Try it: Below this line is a listing that includes pictures. Copy exactly, and only, the lines from the one containing "your feet dry" through the one containing "This page presents"; the pictures do not go in the copy.

Provided data:
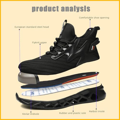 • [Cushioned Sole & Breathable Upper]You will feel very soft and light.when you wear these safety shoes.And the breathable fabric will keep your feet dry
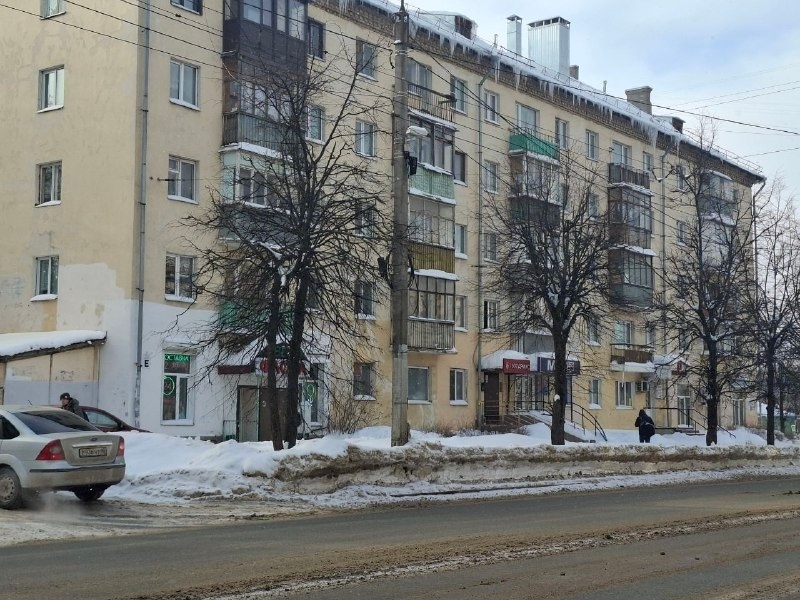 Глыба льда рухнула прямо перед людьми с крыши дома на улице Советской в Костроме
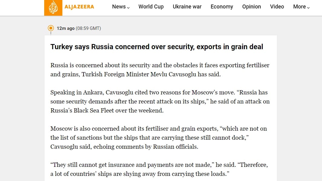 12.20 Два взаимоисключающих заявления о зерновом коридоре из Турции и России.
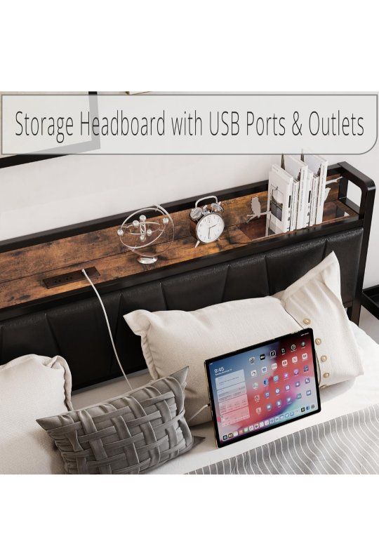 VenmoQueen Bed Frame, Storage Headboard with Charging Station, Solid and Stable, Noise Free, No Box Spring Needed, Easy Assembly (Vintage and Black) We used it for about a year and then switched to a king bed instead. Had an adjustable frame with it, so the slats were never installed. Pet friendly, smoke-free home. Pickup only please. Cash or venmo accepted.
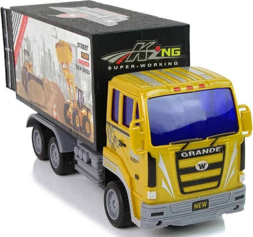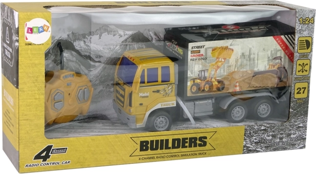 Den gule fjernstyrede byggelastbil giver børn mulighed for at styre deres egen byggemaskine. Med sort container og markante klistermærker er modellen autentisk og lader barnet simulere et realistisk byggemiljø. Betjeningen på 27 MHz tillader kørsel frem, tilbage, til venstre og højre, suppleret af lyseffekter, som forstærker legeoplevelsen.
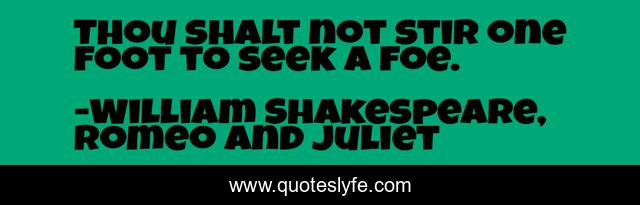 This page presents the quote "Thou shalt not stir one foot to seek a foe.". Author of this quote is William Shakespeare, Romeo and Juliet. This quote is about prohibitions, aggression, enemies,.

* * *

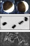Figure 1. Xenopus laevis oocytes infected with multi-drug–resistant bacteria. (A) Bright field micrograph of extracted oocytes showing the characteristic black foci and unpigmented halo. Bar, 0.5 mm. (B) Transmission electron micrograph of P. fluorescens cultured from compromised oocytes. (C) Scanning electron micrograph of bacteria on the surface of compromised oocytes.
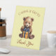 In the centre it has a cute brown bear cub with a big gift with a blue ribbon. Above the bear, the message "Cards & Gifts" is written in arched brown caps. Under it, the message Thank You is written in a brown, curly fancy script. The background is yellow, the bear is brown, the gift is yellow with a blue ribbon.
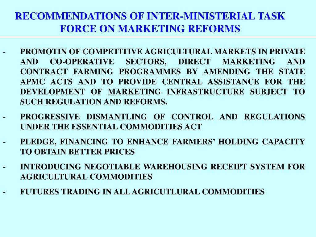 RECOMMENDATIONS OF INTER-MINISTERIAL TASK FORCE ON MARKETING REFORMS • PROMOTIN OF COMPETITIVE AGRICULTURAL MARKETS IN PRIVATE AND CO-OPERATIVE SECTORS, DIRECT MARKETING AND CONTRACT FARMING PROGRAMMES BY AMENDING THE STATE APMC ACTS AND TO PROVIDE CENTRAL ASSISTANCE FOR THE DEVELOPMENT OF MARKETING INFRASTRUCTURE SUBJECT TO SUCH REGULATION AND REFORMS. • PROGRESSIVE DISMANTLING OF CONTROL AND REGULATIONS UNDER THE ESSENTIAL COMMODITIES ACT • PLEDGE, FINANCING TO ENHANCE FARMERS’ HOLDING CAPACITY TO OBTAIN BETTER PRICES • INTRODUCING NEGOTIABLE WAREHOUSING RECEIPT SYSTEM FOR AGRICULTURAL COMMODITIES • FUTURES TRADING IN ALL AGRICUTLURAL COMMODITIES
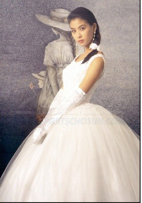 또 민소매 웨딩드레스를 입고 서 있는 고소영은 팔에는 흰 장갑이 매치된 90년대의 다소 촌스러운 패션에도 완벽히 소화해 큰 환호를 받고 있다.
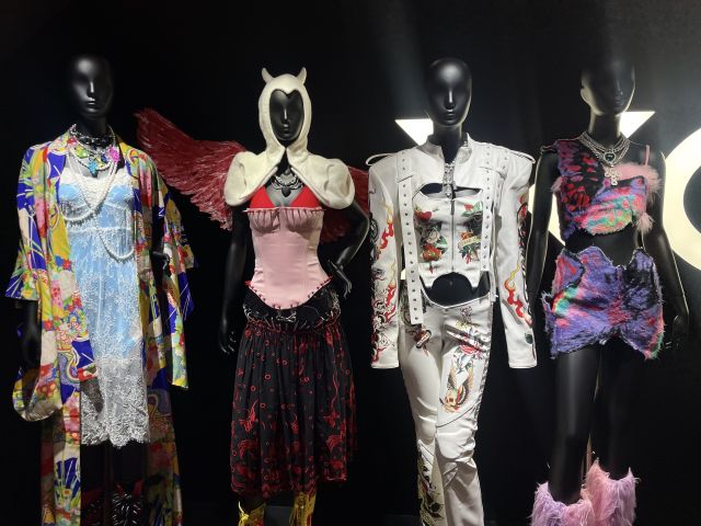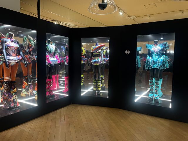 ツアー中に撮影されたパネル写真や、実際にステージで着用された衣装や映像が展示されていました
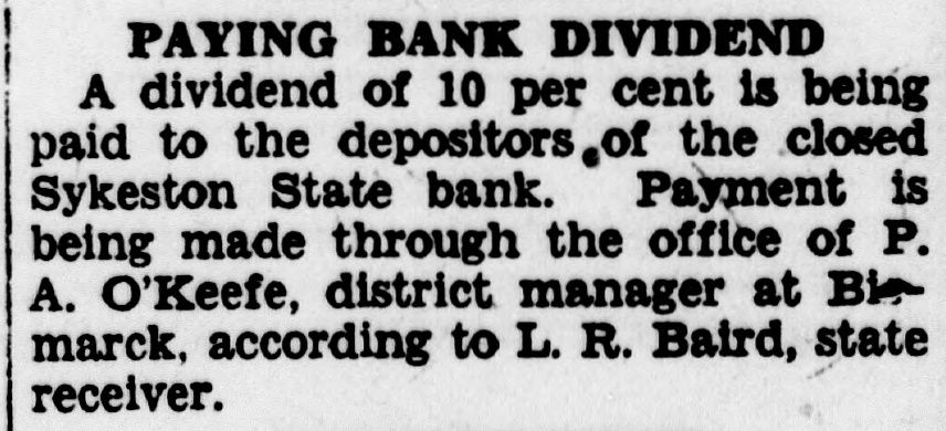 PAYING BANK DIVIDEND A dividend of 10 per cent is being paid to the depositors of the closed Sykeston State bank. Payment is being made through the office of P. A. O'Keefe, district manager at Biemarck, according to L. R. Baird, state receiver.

* * *

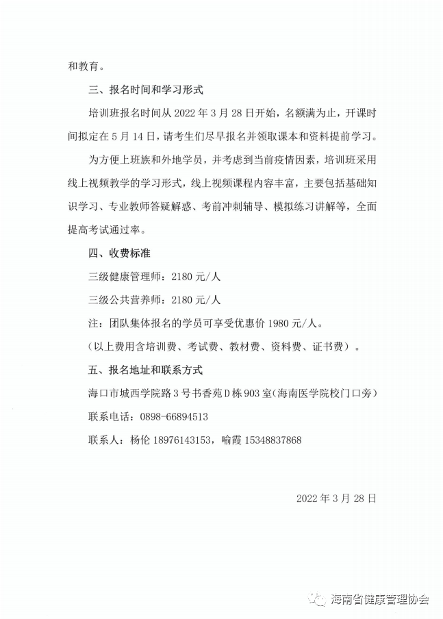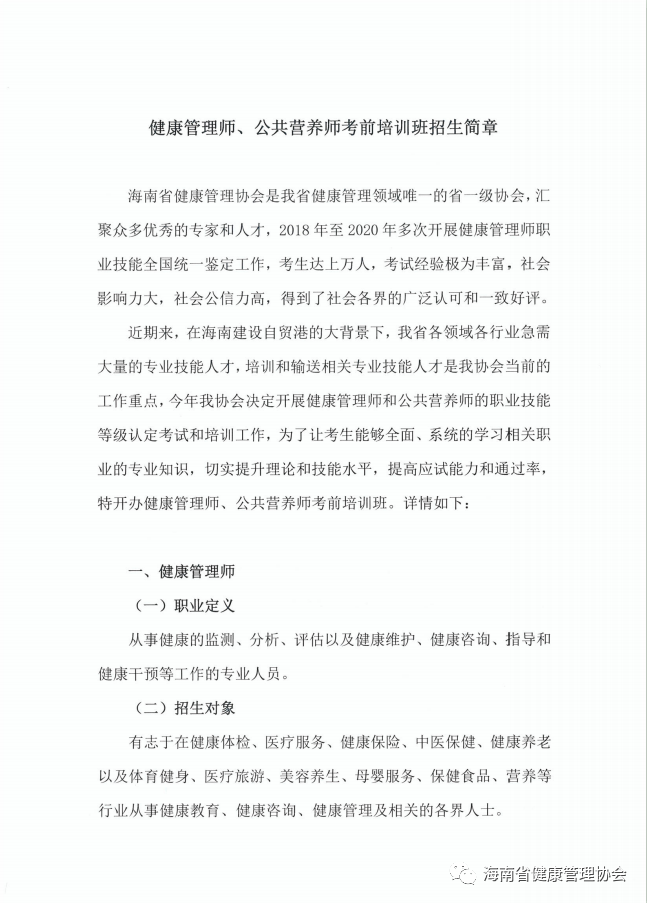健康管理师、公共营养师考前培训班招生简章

Answer space:
 • [Cushioned Sole & Breathable Upper]You will feel very soft and light.when you wear these safety shoes.And the breathable fabric will keep your feet dry
 Глыба льда рухнула прямо перед людьми с крыши дома на улице Советской в Костроме
 12.20 Два взаимоисключающих заявления о зерновом коридоре из Турции и России.
 VenmoQueen Bed Frame, Storage Headboard with Charging Station, Solid and Stable, Noise Free, No Box Spring Needed, Easy Assembly (Vintage and Black) We used it for about a year and then switched to a king bed instead. Had an adjustable frame with it, so the slats were never installed. Pet friendly, smoke-free home. Pickup only please. Cash or venmo accepted.
 Den gule fjernstyrede byggelastbil giver børn mulighed for at styre deres egen byggemaskine. Med sort container og markante klistermærker er modellen autentisk og lader barnet simulere et realistisk byggemiljø. Betjeningen på 27 MHz tillader kørsel frem, tilbage, til venstre og højre, suppleret af lyseffekter, som forstærker legeoplevelsen.
 This page presents the quote "Thou shalt not stir one foot to seek a foe.". Author of this quote is William Shakespeare, Romeo and Juliet. This quote is about prohibitions, aggression, enemies,.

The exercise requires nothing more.